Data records

###

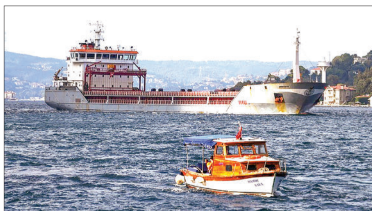
A vessel in the second caravan of ships transporting grain from Ukraine passes through the Bosphorus Strait in Istanbul, Türkiye, 7 August 2022.

Despite Ukraine's initial consent for Turkish President Tayyip Erdogan to announce the agreement on 30 March, they withdrew from the deal abruptly, resulting in its collapse.
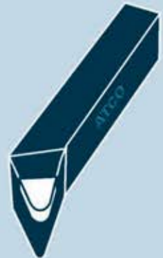
RH Side Tool Shown
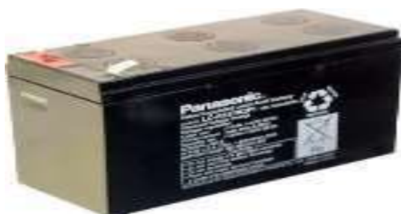
Figure 2. battery

In isolated systems away from the grid. Batteries are used for storage of excess solar energy converted into electrical energy. The only expectations are isolated sunshine load such as irrigation pumps or drinking water supplies for storage. In fact for small units with output less than one kilowatt. Batteries seem to be the only technically and economically available storage means. Since both the photo-voltaic system and batteries are high in capital costs. It is necessary that the overall system be optimized with respect to available energy and local demand pattern.

###

Retype every record above word for word, leaving out any pictures.

▸ Result:
A vessel in the second caravan of ships transporting grain from Ukraine passes through the Bosphorus Strait in Istanbul, Türkiye, 7 August 2022.

Despite Ukraine's initial consent for Turkish President Tayyip Erdogan to announce the agreement on 30 March, they withdrew from the deal abruptly, resulting in its collapse.
RH Side Tool Shown
Figure 2. battery

In isolated systems away from the grid. Batteries are used for storage of excess solar energy converted into electrical energy. The only expectations are isolated sunshine load such as irrigation pumps or drinking water supplies for storage. In fact for small units with output less than one kilowatt. Batteries seem to be the only technically and economically available storage means. Since both the photo-voltaic system and batteries are high in capital costs. It is necessary that the overall system be optimized with respect to available energy and local demand pattern.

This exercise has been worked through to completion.